## Supplied material
+ + +

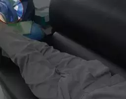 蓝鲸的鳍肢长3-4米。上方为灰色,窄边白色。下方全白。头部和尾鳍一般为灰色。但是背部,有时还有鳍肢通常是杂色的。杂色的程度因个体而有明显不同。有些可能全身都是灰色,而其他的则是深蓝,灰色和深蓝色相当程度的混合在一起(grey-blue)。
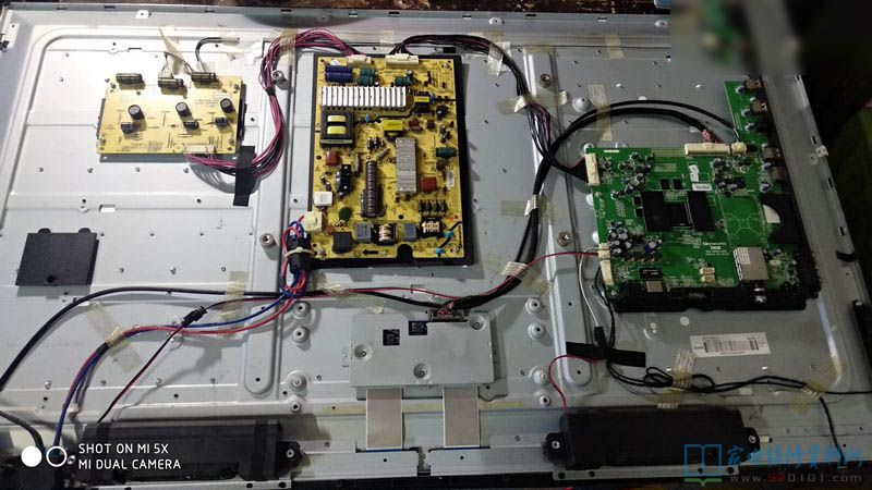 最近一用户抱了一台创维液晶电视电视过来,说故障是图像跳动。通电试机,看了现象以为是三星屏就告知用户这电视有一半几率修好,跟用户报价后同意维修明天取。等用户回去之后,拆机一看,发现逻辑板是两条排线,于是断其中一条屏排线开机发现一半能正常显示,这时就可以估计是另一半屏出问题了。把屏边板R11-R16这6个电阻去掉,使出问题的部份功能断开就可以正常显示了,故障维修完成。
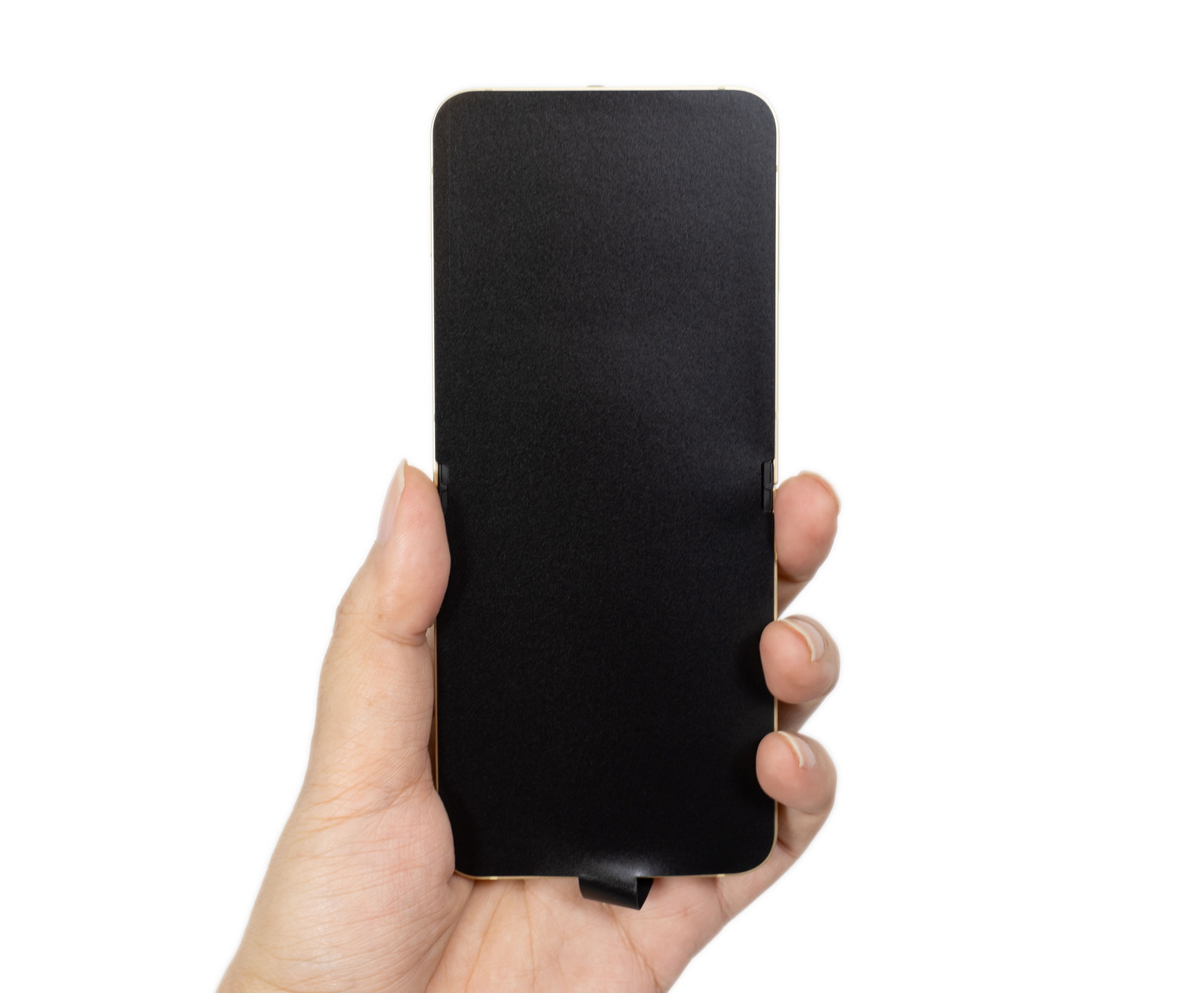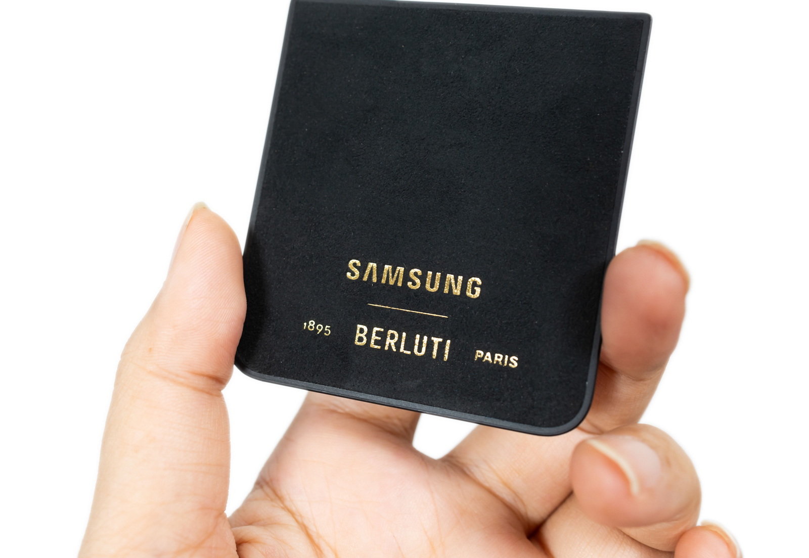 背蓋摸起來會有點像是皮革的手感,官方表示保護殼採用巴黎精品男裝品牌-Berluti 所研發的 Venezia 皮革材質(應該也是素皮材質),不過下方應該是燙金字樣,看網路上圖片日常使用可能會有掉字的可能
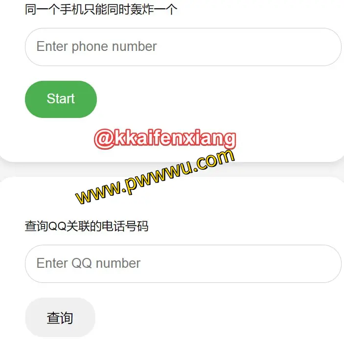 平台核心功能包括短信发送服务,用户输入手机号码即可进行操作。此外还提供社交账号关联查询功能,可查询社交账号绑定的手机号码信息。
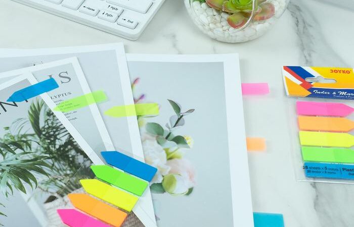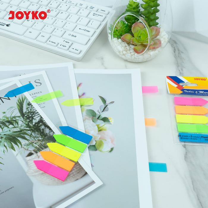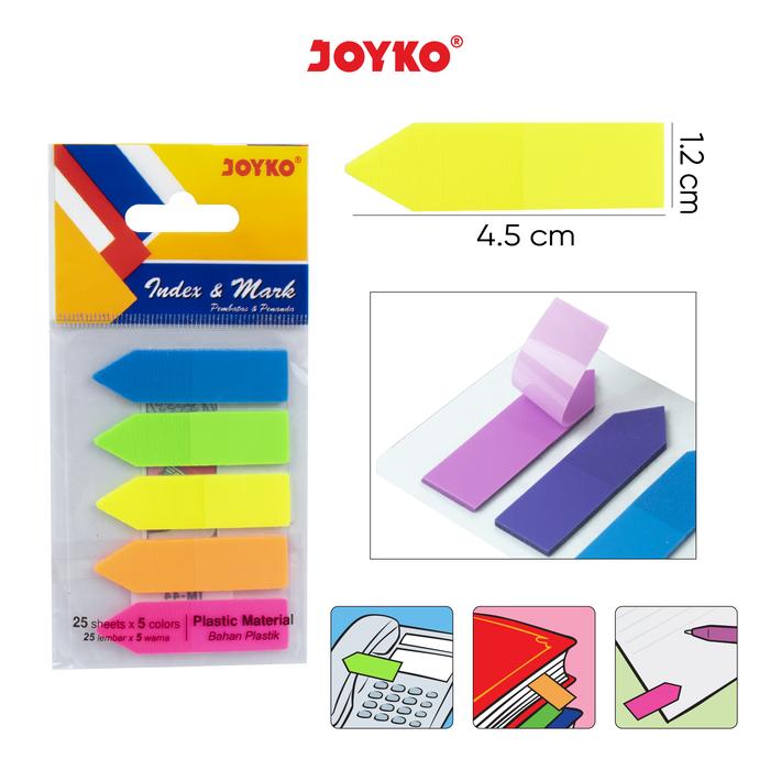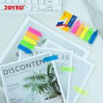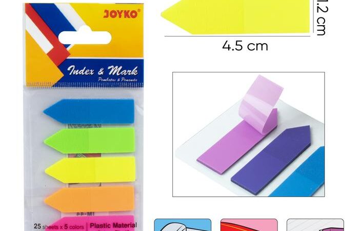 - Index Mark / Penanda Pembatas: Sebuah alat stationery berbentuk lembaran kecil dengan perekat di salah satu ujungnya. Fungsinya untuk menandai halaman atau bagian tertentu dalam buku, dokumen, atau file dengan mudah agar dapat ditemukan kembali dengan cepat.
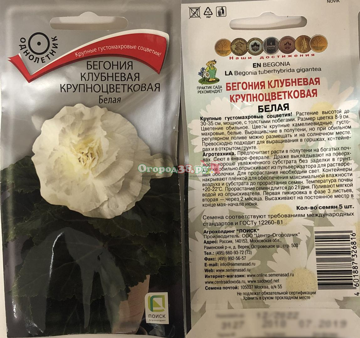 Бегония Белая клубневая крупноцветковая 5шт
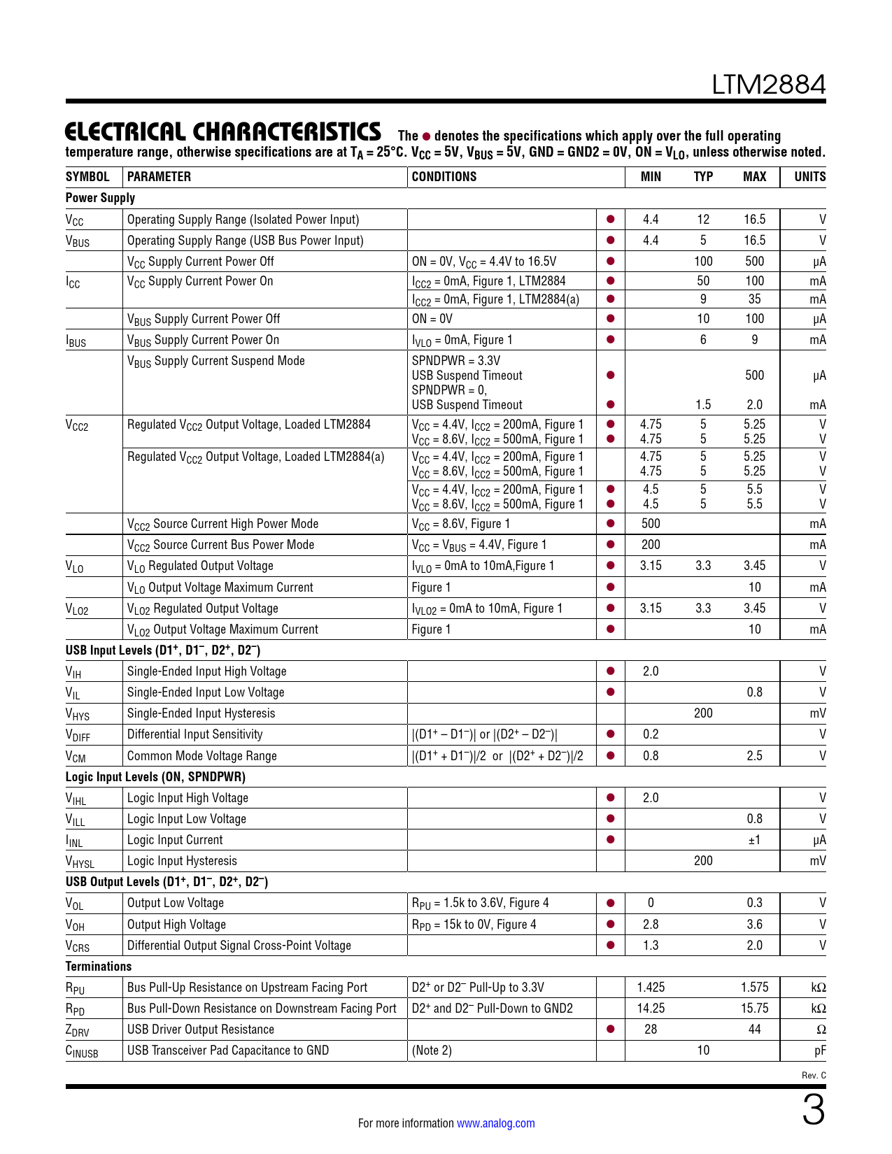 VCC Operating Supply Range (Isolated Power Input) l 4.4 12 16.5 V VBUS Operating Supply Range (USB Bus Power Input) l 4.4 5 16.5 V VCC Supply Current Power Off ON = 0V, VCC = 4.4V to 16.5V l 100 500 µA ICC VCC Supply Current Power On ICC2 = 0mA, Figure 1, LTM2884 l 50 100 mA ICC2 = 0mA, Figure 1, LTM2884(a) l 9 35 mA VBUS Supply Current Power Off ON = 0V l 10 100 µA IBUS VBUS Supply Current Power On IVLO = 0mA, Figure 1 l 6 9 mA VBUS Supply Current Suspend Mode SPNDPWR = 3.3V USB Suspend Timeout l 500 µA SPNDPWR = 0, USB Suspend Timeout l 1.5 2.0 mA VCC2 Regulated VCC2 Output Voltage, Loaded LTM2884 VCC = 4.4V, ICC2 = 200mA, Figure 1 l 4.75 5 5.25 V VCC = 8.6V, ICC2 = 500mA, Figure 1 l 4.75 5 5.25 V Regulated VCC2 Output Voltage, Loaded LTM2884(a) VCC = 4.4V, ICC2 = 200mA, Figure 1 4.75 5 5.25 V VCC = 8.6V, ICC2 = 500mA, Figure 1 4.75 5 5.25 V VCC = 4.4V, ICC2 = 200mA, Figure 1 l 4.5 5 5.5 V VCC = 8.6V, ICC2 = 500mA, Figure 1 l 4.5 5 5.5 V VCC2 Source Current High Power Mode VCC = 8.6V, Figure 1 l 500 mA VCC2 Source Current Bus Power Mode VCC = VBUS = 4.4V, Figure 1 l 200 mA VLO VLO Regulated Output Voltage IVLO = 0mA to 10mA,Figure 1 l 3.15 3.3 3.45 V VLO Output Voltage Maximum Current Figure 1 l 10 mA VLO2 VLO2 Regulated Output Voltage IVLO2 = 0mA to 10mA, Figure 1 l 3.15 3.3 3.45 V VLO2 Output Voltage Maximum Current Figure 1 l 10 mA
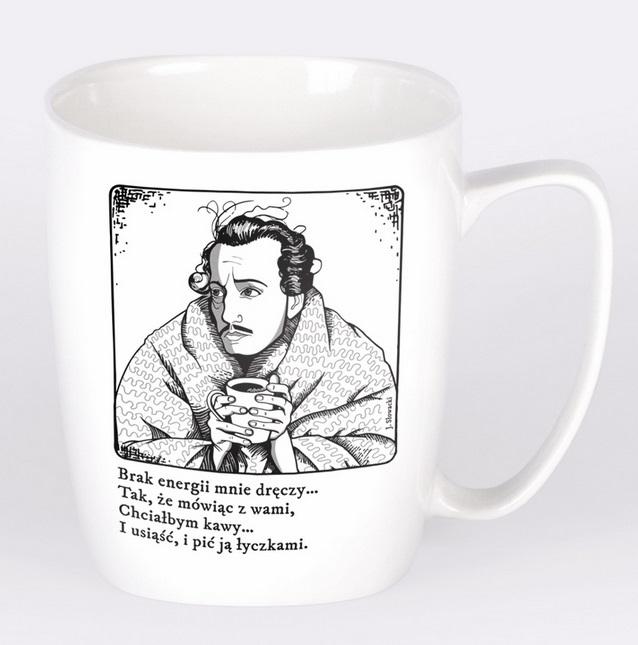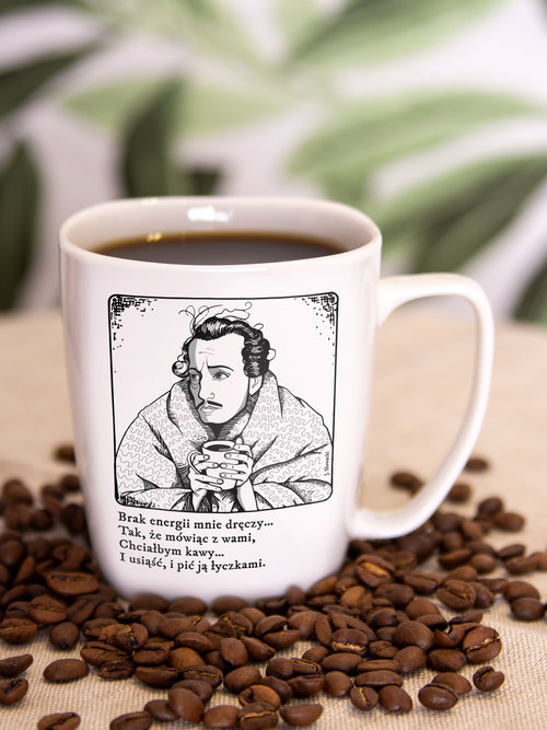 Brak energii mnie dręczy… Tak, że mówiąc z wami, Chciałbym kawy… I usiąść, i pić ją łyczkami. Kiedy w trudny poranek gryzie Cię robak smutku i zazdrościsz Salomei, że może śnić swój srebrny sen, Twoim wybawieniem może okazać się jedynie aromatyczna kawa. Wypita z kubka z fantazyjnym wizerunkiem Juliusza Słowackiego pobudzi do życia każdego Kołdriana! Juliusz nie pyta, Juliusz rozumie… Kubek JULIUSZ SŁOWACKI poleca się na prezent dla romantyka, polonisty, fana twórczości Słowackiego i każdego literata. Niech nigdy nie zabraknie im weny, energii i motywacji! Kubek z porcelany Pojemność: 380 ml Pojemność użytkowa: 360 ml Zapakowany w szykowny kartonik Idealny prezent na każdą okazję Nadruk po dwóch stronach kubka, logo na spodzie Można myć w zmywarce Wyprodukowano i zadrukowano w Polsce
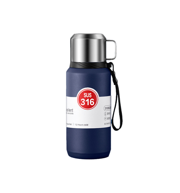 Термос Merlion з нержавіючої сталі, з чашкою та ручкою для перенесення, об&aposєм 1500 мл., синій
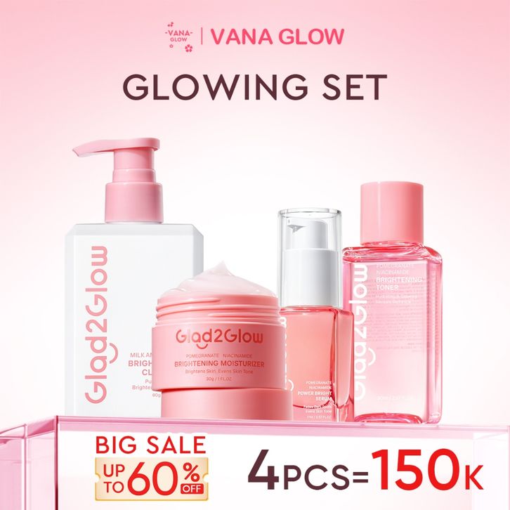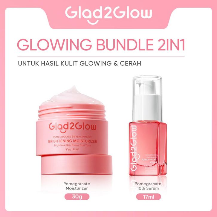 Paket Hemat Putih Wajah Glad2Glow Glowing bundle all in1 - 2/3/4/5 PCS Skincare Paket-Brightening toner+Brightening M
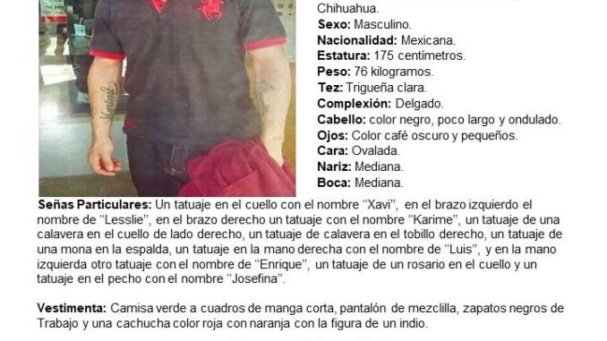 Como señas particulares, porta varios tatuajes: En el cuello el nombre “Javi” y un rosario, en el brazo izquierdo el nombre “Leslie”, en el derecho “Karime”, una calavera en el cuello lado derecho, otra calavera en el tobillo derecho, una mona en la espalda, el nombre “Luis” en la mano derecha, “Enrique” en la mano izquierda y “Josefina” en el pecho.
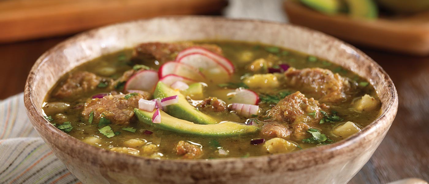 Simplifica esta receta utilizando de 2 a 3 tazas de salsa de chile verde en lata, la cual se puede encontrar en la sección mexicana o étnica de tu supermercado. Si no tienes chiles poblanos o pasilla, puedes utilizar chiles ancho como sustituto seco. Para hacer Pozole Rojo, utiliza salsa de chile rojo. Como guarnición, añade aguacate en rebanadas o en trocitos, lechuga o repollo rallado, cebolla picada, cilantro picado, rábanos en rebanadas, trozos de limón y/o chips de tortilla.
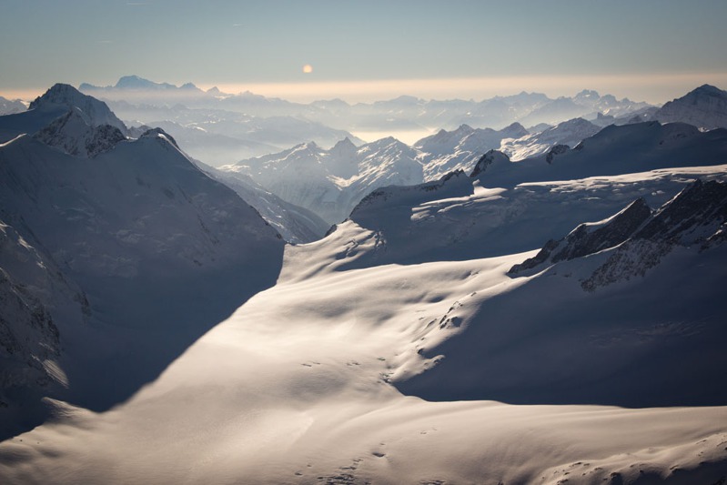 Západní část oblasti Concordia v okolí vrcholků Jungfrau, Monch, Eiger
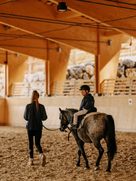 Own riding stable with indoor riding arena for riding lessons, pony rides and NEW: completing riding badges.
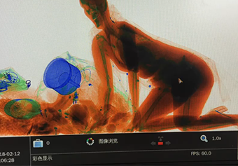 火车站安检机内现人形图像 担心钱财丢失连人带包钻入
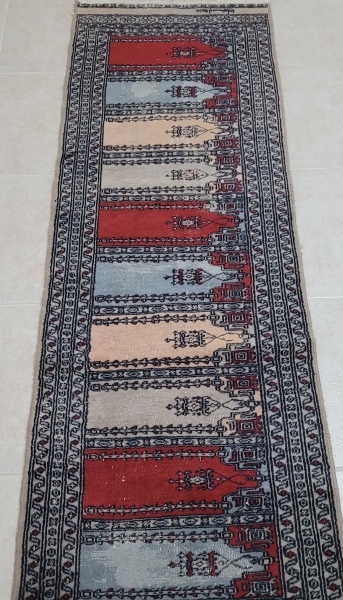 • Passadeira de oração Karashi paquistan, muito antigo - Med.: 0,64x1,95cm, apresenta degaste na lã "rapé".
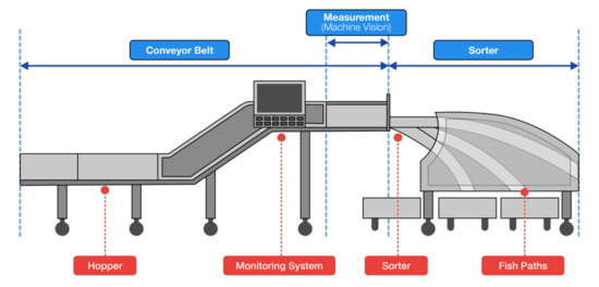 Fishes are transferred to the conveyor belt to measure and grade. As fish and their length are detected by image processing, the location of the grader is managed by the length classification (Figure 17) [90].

+ + +

## Work task
The answer must repeat every line of the listing exactly and leave the pictures out.

## Exercise answer
 蓝鲸的鳍肢长3-4米。上方为灰色,窄边白色。下方全白。头部和尾鳍一般为灰色。但是背部,有时还有鳍肢通常是杂色的。杂色的程度因个体而有明显不同。有些可能全身都是灰色,而其他的则是深蓝,灰色和深蓝色相当程度的混合在一起(grey-blue)。
 最近一用户抱了一台创维液晶电视电视过来,说故障是图像跳动。通电试机,看了现象以为是三星屏就告知用户这电视有一半几率修好,跟用户报价后同意维修明天取。等用户回去之后,拆机一看,发现逻辑板是两条排线,于是断其中一条屏排线开机发现一半能正常显示,这时就可以估计是另一半屏出问题了。把屏边板R11-R16这6个电阻去掉,使出问题的部份功能断开就可以正常显示了,故障维修完成。
 背蓋摸起來會有點像是皮革的手感,官方表示保護殼採用巴黎精品男裝品牌-Berluti 所研發的 Venezia 皮革材質(應該也是素皮材質),不過下方應該是燙金字樣,看網路上圖片日常使用可能會有掉字的可能
 平台核心功能包括短信发送服务,用户输入手机号码即可进行操作。此外还提供社交账号关联查询功能,可查询社交账号绑定的手机号码信息。
 - Index Mark / Penanda Pembatas: Sebuah alat stationery berbentuk lembaran kecil dengan perekat di salah satu ujungnya. Fungsinya untuk menandai halaman atau bagian tertentu dalam buku, dokumen, atau file dengan mudah agar dapat ditemukan kembali dengan cepat.
 Бегония Белая клубневая крупноцветковая 5шт
 VCC Operating Supply Range (Isolated Power Input) l 4.4 12 16.5 V VBUS Operating Supply Range (USB Bus Power Input) l 4.4 5 16.5 V VCC Supply Current Power Off ON = 0V, VCC = 4.4V to 16.5V l 100 500 µA ICC VCC Supply Current Power On ICC2 = 0mA, Figure 1, LTM2884 l 50 100 mA ICC2 = 0mA, Figure 1, LTM2884(a) l 9 35 mA VBUS Supply Current Power Off ON = 0V l 10 100 µA IBUS VBUS Supply Current Power On IVLO = 0mA, Figure 1 l 6 9 mA VBUS Supply Current Suspend Mode SPNDPWR = 3.3V USB Suspend Timeout l 500 µA SPNDPWR = 0, USB Suspend Timeout l 1.5 2.0 mA VCC2 Regulated VCC2 Output Voltage, Loaded LTM2884 VCC = 4.4V, ICC2 = 200mA, Figure 1 l 4.75 5 5.25 V VCC = 8.6V, ICC2 = 500mA, Figure 1 l 4.75 5 5.25 V Regulated VCC2 Output Voltage, Loaded LTM2884(a) VCC = 4.4V, ICC2 = 200mA, Figure 1 4.75 5 5.25 V VCC = 8.6V, ICC2 = 500mA, Figure 1 4.75 5 5.25 V VCC = 4.4V, ICC2 = 200mA, Figure 1 l 4.5 5 5.5 V VCC = 8.6V, ICC2 = 500mA, Figure 1 l 4.5 5 5.5 V VCC2 Source Current High Power Mode VCC = 8.6V, Figure 1 l 500 mA VCC2 Source Current Bus Power Mode VCC = VBUS = 4.4V, Figure 1 l 200 mA VLO VLO Regulated Output Voltage IVLO = 0mA to 10mA,Figure 1 l 3.15 3.3 3.45 V VLO Output Voltage Maximum Current Figure 1 l 10 mA VLO2 VLO2 Regulated Output Voltage IVLO2 = 0mA to 10mA, Figure 1 l 3.15 3.3 3.45 V VLO2 Output Voltage Maximum Current Figure 1 l 10 mA
 Brak energii mnie dręczy… Tak, że mówiąc z wami, Chciałbym kawy… I usiąść, i pić ją łyczkami. Kiedy w trudny poranek gryzie Cię robak smutku i zazdrościsz Salomei, że może śnić swój srebrny sen, Twoim wybawieniem może okazać się jedynie aromatyczna kawa. Wypita z kubka z fantazyjnym wizerunkiem Juliusza Słowackiego pobudzi do życia każdego Kołdriana! Juliusz nie pyta, Juliusz rozumie… Kubek JULIUSZ SŁOWACKI poleca się na prezent dla romantyka, polonisty, fana twórczości Słowackiego i każdego literata. Niech nigdy nie zabraknie im weny, energii i motywacji! Kubek z porcelany Pojemność: 380 ml Pojemność użytkowa: 360 ml Zapakowany w szykowny kartonik Idealny prezent na każdą okazję Nadruk po dwóch stronach kubka, logo na spodzie Można myć w zmywarce Wyprodukowano i zadrukowano w Polsce
 Термос Merlion з нержавіючої сталі, з чашкою та ручкою для перенесення, об&aposєм 1500 мл., синій
 Paket Hemat Putih Wajah Glad2Glow Glowing bundle all in1 - 2/3/4/5 PCS Skincare Paket-Brightening toner+Brightening M
 Como señas particulares, porta varios tatuajes: En el cuello el nombre “Javi” y un rosario, en el brazo izquierdo el nombre “Leslie”, en el derecho “Karime”, una calavera en el cuello lado derecho, otra calavera en el tobillo derecho, una mona en la espalda, el nombre “Luis” en la mano derecha, “Enrique” en la mano izquierda y “Josefina” en el pecho.
 Simplifica esta receta utilizando de 2 a 3 tazas de salsa de chile verde en lata, la cual se puede encontrar en la sección mexicana o étnica de tu supermercado. Si no tienes chiles poblanos o pasilla, puedes utilizar chiles ancho como sustituto seco. Para hacer Pozole Rojo, utiliza salsa de chile rojo. Como guarnición, añade aguacate en rebanadas o en trocitos, lechuga o repollo rallado, cebolla picada, cilantro picado, rábanos en rebanadas, trozos de limón y/o chips de tortilla.
 Západní část oblasti Concordia v okolí vrcholků Jungfrau, Monch, Eiger
 Own riding stable with indoor riding arena for riding lessons, pony rides and NEW: completing riding badges.
 火车站安检机内现人形图像 担心钱财丢失连人带包钻入
 • Passadeira de oração Karashi paquistan, muito antigo - Med.: 0,64x1,95cm, apresenta degaste na lã "rapé".
 Fishes are transferred to the conveyor belt to measure and grade. As fish and their length are detected by image processing, the location of the grader is managed by the length classification (Figure 17) [90].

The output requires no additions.